I never torque to any spec on those. The sealing rings do collapse, so what's more important is to make sure that the downpipe is seated square into the manifold, and then tighten up the nuts evenly so that the retaining plate is pulled up evenly. I do it in stages and tighten just enough so there is no exhaust leaks. You'll hear a leak, or feel it with your hand when the engine is idling. Then try tightening a 1/4 turn at a time or even less. Just enough to seal it up is all you need.

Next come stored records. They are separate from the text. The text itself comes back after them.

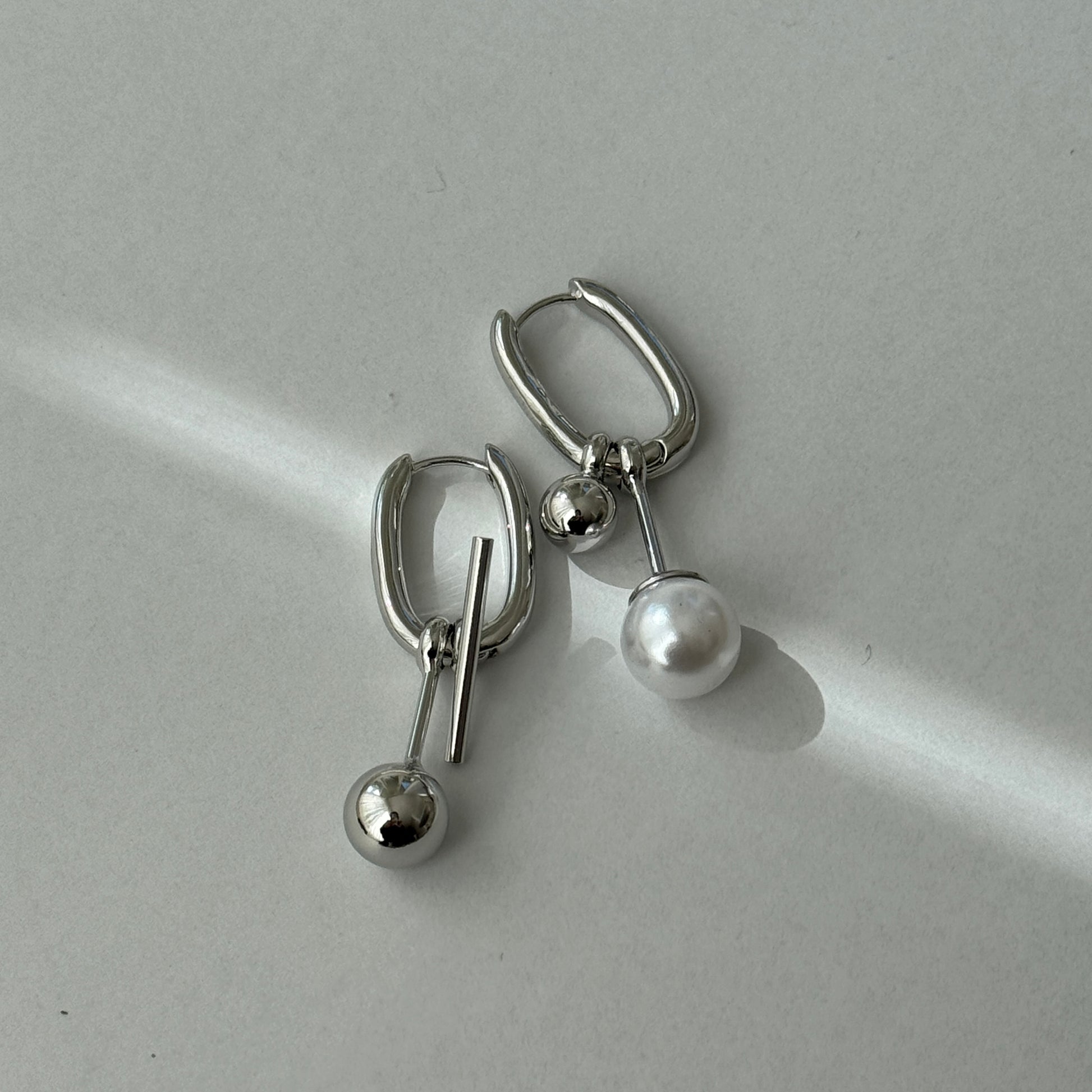 エッジの効いたシルバーにパールをアシンメトリーに配置した、曲線と直線が織りなすモードなピアス。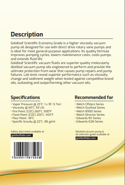 Shopping Cart (0) Quotes (0) Express Ordering All Categories > Vacuum Parts and Accessories > Oil/Grease > Item # 3050 All CategoriesAll Categories Vacuum Parts and AccessoriesVacuum Parts and Accessories Oil/GreaseOil/Grease Item # 3050 Item # 3050, 5 Gallon (gal) Volume Vacuum Pump Oil 30505 Gallon (gal) Volume Vacuum Pump Oil Request Information Email This Page Download PDF Download PDF Printable Page List Price $150.00 Qty. Add To Cart Request Quote /Asset/1-qt-econ-grade.png /Asset/1-qt-econ-grade.png Close Window Vacuum Pump Oil. Used for HVAC, scientific, and general vacuum pumps that require oil. From use in labs to air conditioners, and freeze dryers. Unit of Measure Imperial Metric Both Technical Specs Volume N/A 5 gal Harmonized System (HS) Code N/A 27101990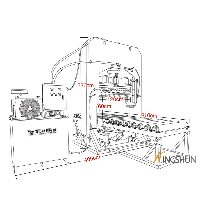 The hydraulic stone splitting Machine KSL-612YY with a features retractable floating cutter teeth, where each cutter tooth operates independently. This design allows it to adapt to a variety of uneven stone surfaces, ensuring precise and efficient processing. Primarily used as a key machine in a splitting line, it produces semi-finished split stones or finished products like large kerb stones and wall stones.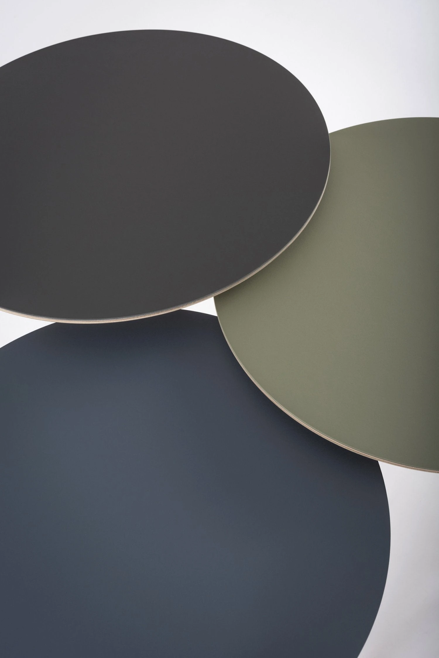 ARP gibt es in zwei Größen und jeweils drei Tischplatten- Farben: schwarz (Nero), grün (Dark olive) und dunkelblau (Smokey blue). Der hier gezeigte Tisch mit 45cm Durchmesser hat die längeren Beine: Er ist 55 cm hoch.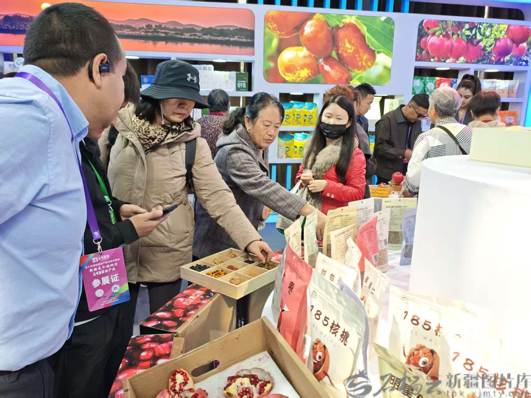 10月26日,新疆农产品北京交易会现场,消费者品尝新疆特色农产品。石榴云/新疆日报记者 刘毅摄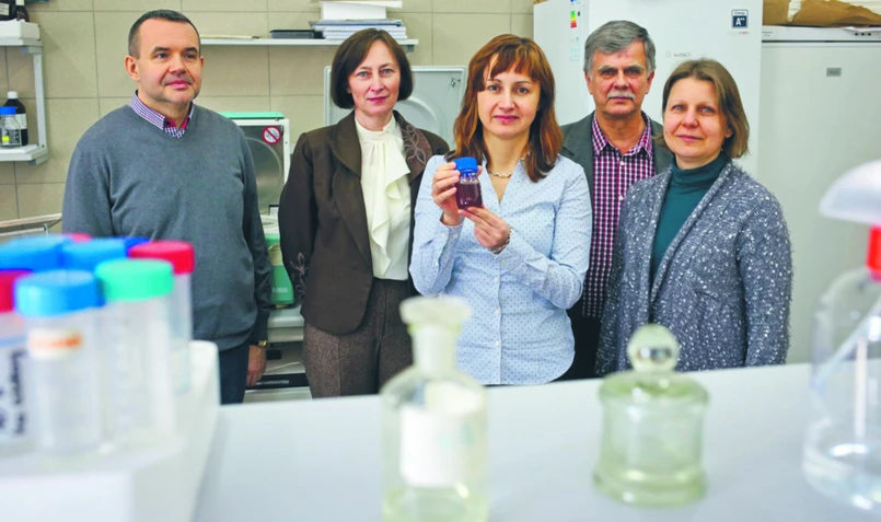 Poszukiwacze leku dla pszczół (od lewej): dr hab. Grzegorz Borsuk z Uniwersytetu Przyrodniczego w Lublinie oraz naukowcy z UMCS: dr hab. Agnieszka Zdybicka-Barabas, dr Aneta Ptaszyńska, prof. Wiesław Mulenko, prof. Małgorzata Cytryńska. W pracach nad wynalazkiem brał udział także dr Daniel Załuski z Uniwersytetu Jagiellońskiego
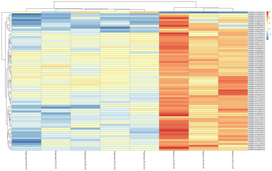 Heatmap of differentially expressed genes affected by taxifolin treatment under increased temperature.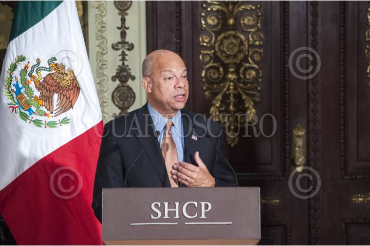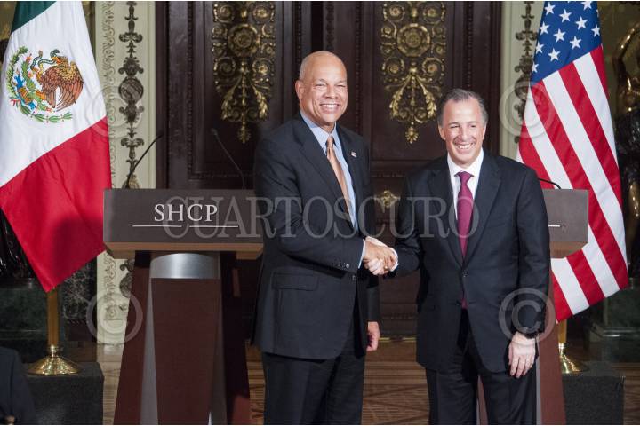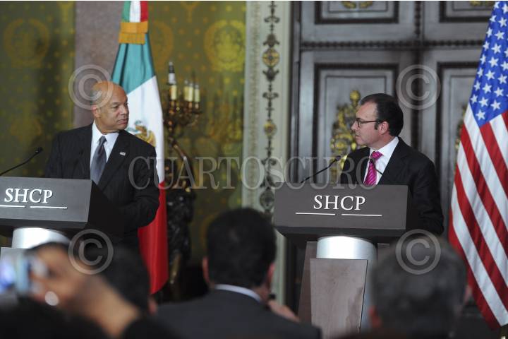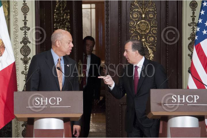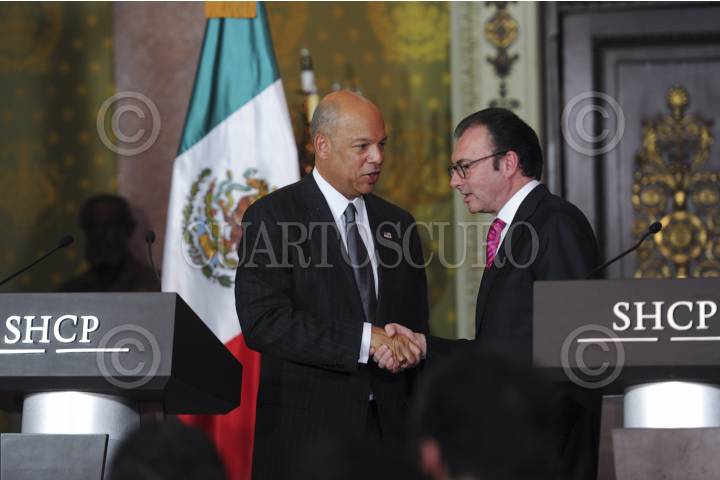 MÉXICO, D.F., 15OCTUBRE2015.- Luis Videgaray, secretario de Hacienda y Crédito Público, y Jeh Johnson, secretario de Seguridad Nacional de Estados Unido, firmaron un convenio entre ambas instituciones, en el Salón Panamericano FOTO: ARMANDO MONROY /CUARTOSCURO.COM

The individual pipes can sit at different lengths into the manifold, that's perfectly normal. Try fitting the downpipe into the manifold on it's own, without the rest of the exhaust system connected if you can, and see how it fits. If you can get it aligned and seated square, then snug it up and hopefully the rest of the exhaust can be fitted. It's a bit of an iterative process to get everything seated and in it's happy place.
I have never found any of the products in a tube can stand up to exhaust temperatures. On a 4.2 XK engine I fitted an exhaust temp gauge just for my interest, and on a long mountain grade I pegged the gauge at 1100C. Consider that steel glows red hot at 750C...
Just got a nice package of goodies from our favorite supplier including new sealing rings. Totally agree on getting the fitting correct and then doing slow torquing all around - you've gotta make sure things seal as level as possible. That was probably my problem the first time, coupled with also reusing the original sealing rings. Well, I'm also 50, lazy, 4 kids, wife, dog, cat, 67 MGB, and the damn heat shields get in the way, what a ...
I do them up from underneath, and I have a socket that incorporates a swivel. Works great for this, plus about 3' of extensions. A standard 3/8" ratchet is enough to do up the nuts.
Reusing the original rings was the problem, they are generally a one time use.
bright side is this will allow you to GUT those horrific and restricting fire hazard cats if fitted to your car.
In the early 90's catalytic converters were optional in the UK, and Jaguar published HP figures with and without cats for the UK market. The power difference was 1%, so not something you'd ever feel.
I put the Euro downpipes on my Series III v12 car and I couldn't tell any performance difference.